From a spiritual point of view, then, this says quite a lot about Phoebe. Paul could very well have never stayed in Cenchreae. There is no reason, if he is to minister to the church in the port town, that he stay overnight there. He could have avoided getting embroiled in the complexities of the patronage system if he had so chosen. But he got involved anyway. Evidently, he trusted Phoebe. She wasn’t going to be problematic, confused, and limiting in her outlook like the Corinthians. There was no need to deny her the role of patron. She could adapt to the greater, socially-modifying demands of the Gospel and not take advantage of the position that patronage might put Paul in.
In short, from two little verses at the end of Romans, we get a picture of Phoebe as an envoy of Paul to other churches, who herself supported Paul in a mission area where he was very careful not to enter into relationships of support with the locals, who gave hospitality and was bold enough to also receive it on behalf of the apostle. She gives, but she takes. She knows the exchange of reciprocity in the Gospel, not bending social relationships into less equal and less mutually loving alternatives that her own culture had normalized for centuries. She was a layperson (?) who made use of her position and abilities for the sake of the evangelical message, its growth in her community, and its propagation abroad. Her role was support; it was hospitality. But she was vital and central for all that. Paul ranks her as his patron (prostatis) and servant-envoy (diakonos). Few people gain higher praise from the apostle than this woman from the port town outside this major metropolis of the day. Much of the way he phrases this praise is culture-specific and high-context. But it’s very real.

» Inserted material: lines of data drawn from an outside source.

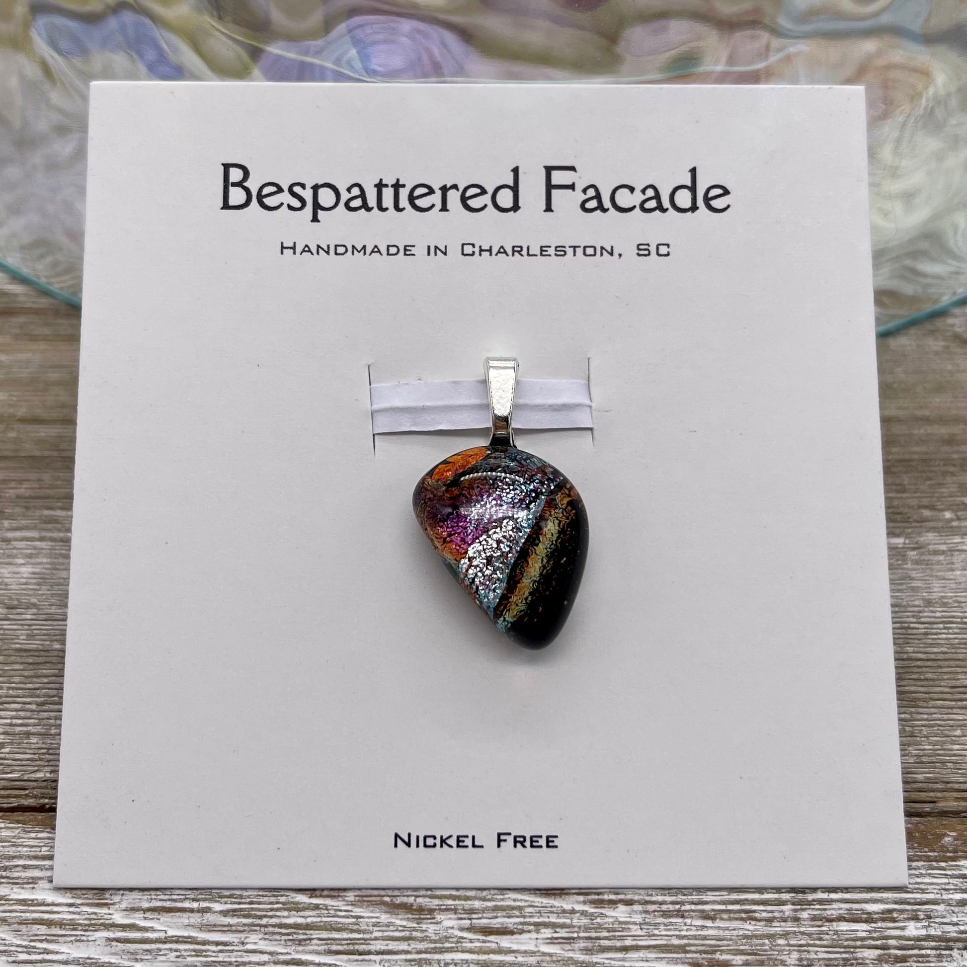 All Magic Drop pendants are made of dichroic glass; the findings are made of nickel-free stainless steel. Dichroic means "two colors" and when this glass is viewed from different angles it shifts between multiple iridescent colors. Each piece is truly one of a kind, and dichroic glass is difficult to photograph due to its unique properties, please expect slight differences in color and pattern. You will receive the exact pendant pictured, and they're much more dramatic in person.
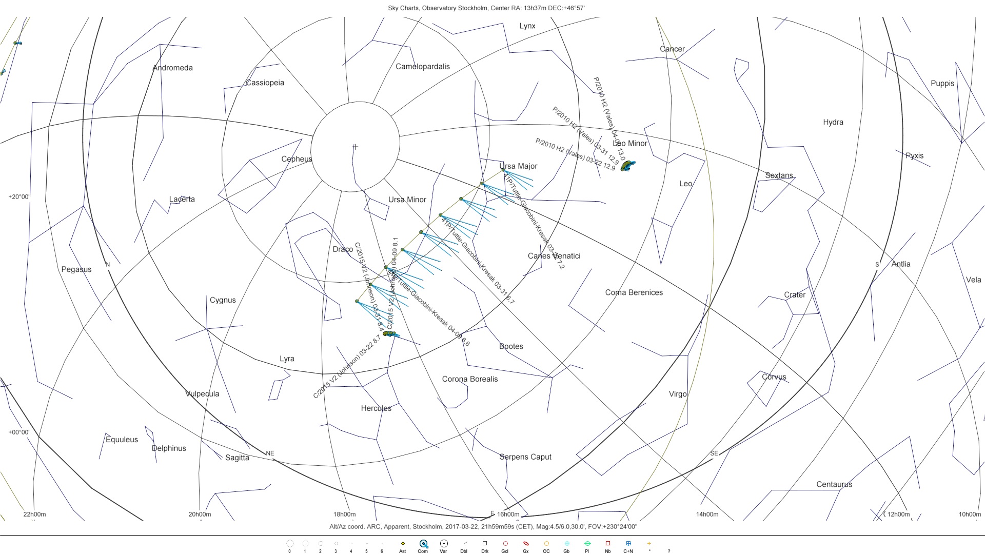 Den är ritat hur det ser ut från Stockholm ikväll kl 20, 22 mars-2017. Kometens läge var tredje timme från kl 20.
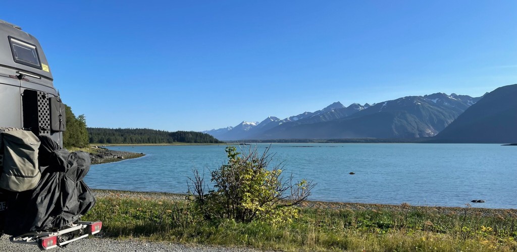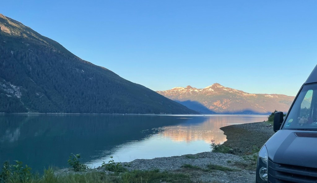Etwas überrascht sind wir dann, als wir feststellen, dass Haines auf US Amerikanischem Gebiet (also in Alaska) liegt und wir wieder über die Grenze müssen. Wie immer kein Problem und in 5 min sind wir durch. Der Beamte hat die üblichen Fragen gestellt, nur bei „Wie lange wollt ihr in den USA bleiben?“ mussten wir kurz überlegen. Ja wann reisen wir denn wieder aus? Wir haben noch kein Fährticket und online war die Fähre nach Skagway für die nächsten Tage ausgebucht. Also lautet unsere Antwort: „ein paar Tage, wenn wir keine Fähre buchen können sind wir übermorgen wieder hier“. So können wir weiterfahren und finden ganz in der Nähe von Haines einen Stellplatz direkt am Wasser, schöner Abschluss eines aufregenden Tages.
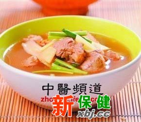 用料:羊肉500克、當歸30克、生姜50克。羊肉用清水洗凈后再用生姜爆炒,當歸用紗布包裹,再與爆炒好的羊肉一起煮湯。
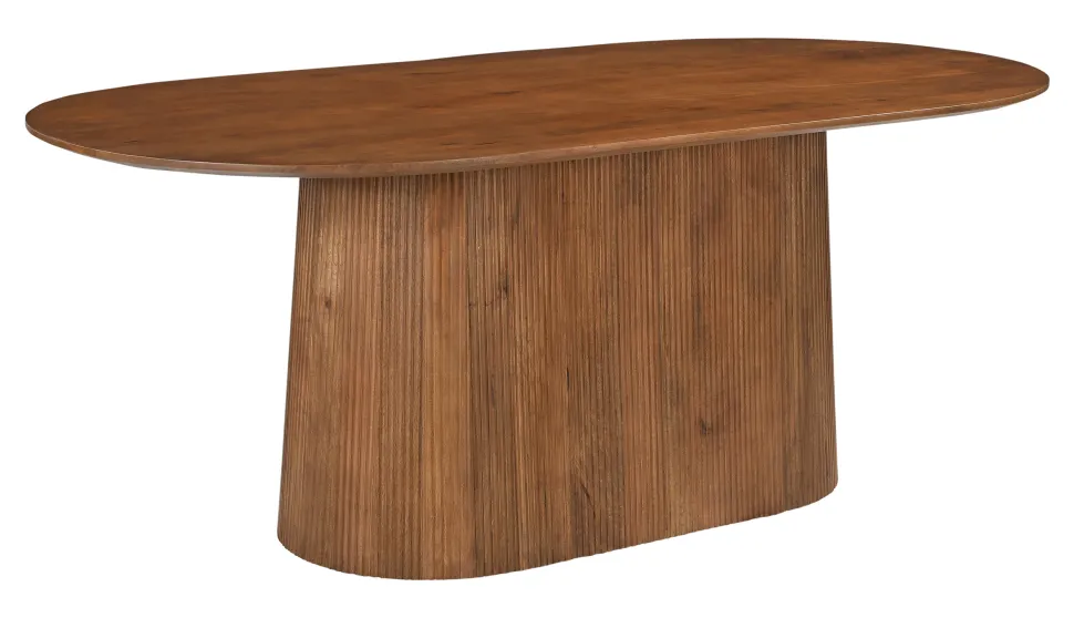 Deze massief mangohouten tafel combineert natuurlijke elegantie met modern design. Met een royaal tafelblad van 180×100 cm biedt de tafel veel ruimte voor gezamenlijke maaltijden en sociale bijeenkomsten. De ovale vorm van het tafelblad creëert een zachte, uitnodigende esthetiek en bevordert een aangename gesprekssfeer. De tafel is gemaakt van hoogwaardig massief mangohout en maakt indruk door zijn stabiliteit en de natuurlijke nerf van het hout, die karakter en warmte toevoegt aan elke kamer. Mangohout is niet alleen robuust en duurzaam, maar ook gemakkelijk te onderhouden, zodat de tafel jarenlang in perfecte staat zal blijven. De ovale voet in lattenontwerp is een ander designelement dat de tafel een moderne, maar tijdloze uitstraling geeft. De voet zorgt voor een stabiele basis en voegt een subtiele textuur toe aan de tafel, waardoor het een uniek meubelstuk wordt. Deze tafel kan gemakkelijk worden geïntegreerd in verschillende interieurstijlen en is perfect voor eetkamers, keukens of kantoren. Met zijn natuurlijke elegantie en functionele vorm wordt het een stijlvol middelpunt in je huis.

So I went to Cenchreae. It’s underwater now. The buildings along the ancient port sank. Some yellow buoys denote the extent of the moles. But you can further see the outlines of some structures from the shore (or if one goes snorkelling, which I came very much unprepared for). The surrounding beach is frequented by locals. Further archaeological remains from later eras line the shore. Entrance is free, since all beaches in Greece are by law public.







I stood there for a time taking in the geography, the layout, the ecology, the submerged foundations and walls. With a little sign of the cross and some unvocalized prayers, I addressed myself to Phoebe. She was why I had come. I am taken in by the lessons that her life teaches, in two short verses at the end of a letter and in a portion of text that scholars question was ever going to its ostensible destination in the first place—and a text debated endlessly in discussions about the ordained diaconate. For all these debates, perhaps in spite of them, maybe alongside them and an acknowledgment of their importance, we might take a moment to remember what we do know and what Phoebe does, without a shadow of a doubt, teach us about Christian spirituality: the centrality of trust, reciprocity, littleness, mutuality, and hospitality in the Church, still inspiring us twenty centuries later.